SUPPLIED MATERIAL:
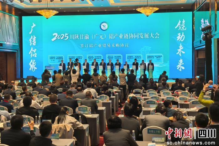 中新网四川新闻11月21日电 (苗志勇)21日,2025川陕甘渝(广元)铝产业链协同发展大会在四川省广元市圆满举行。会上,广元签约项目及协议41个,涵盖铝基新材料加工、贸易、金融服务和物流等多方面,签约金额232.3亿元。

* * *

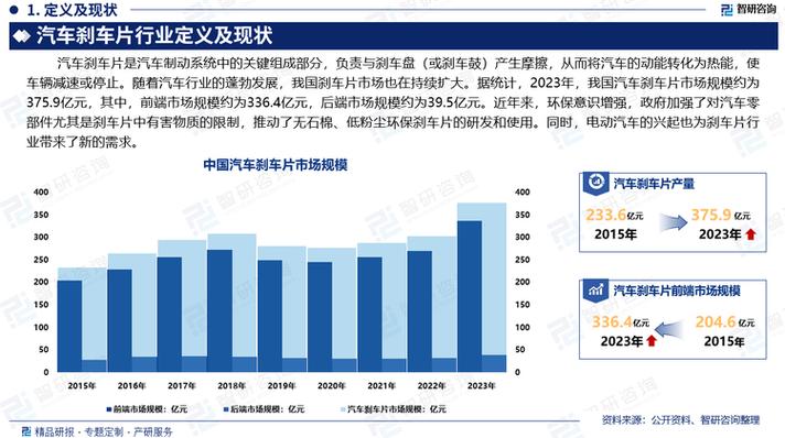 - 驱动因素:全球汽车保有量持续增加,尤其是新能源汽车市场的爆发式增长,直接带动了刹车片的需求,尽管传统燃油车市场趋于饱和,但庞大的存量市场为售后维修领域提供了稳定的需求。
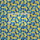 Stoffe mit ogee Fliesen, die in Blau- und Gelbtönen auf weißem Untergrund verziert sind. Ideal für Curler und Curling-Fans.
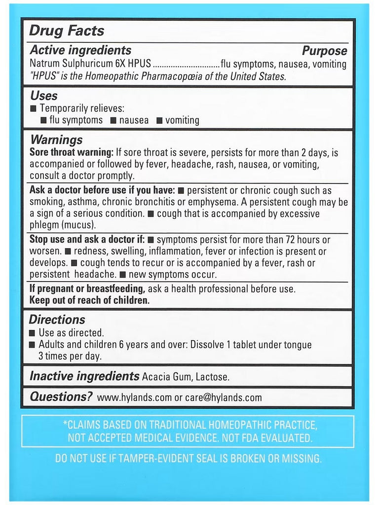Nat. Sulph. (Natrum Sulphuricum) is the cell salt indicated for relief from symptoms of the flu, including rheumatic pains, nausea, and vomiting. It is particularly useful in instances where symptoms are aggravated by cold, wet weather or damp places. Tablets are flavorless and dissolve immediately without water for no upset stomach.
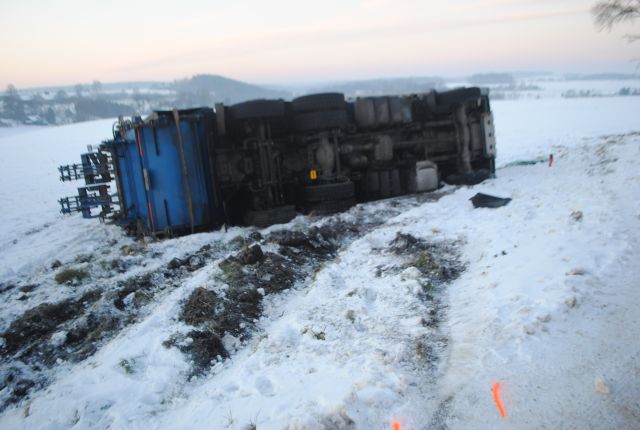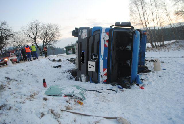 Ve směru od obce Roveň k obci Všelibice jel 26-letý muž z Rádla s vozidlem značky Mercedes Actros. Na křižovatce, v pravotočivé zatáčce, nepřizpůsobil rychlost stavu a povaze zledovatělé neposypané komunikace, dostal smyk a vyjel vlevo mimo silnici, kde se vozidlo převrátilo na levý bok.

WHAT THE TASK ASKS:
Copy word for word the lines of the records above from the one with "Nat. Sulph. (Natrum" up to and including the one with "Ve směru od". Skip the pictures.

OUTPUT BELOW:
Nat. Sulph. (Natrum Sulphuricum) is the cell salt indicated for relief from symptoms of the flu, including rheumatic pains, nausea, and vomiting. It is particularly useful in instances where symptoms are aggravated by cold, wet weather or damp places. Tablets are flavorless and dissolve immediately without water for no upset stomach.
 Ve směru od obce Roveň k obci Všelibice jel 26-letý muž z Rádla s vozidlem značky Mercedes Actros. Na křižovatce, v pravotočivé zatáčce, nepřizpůsobil rychlost stavu a povaze zledovatělé neposypané komunikace, dostal smyk a vyjel vlevo mimo silnici, kde se vozidlo převrátilo na levý bok.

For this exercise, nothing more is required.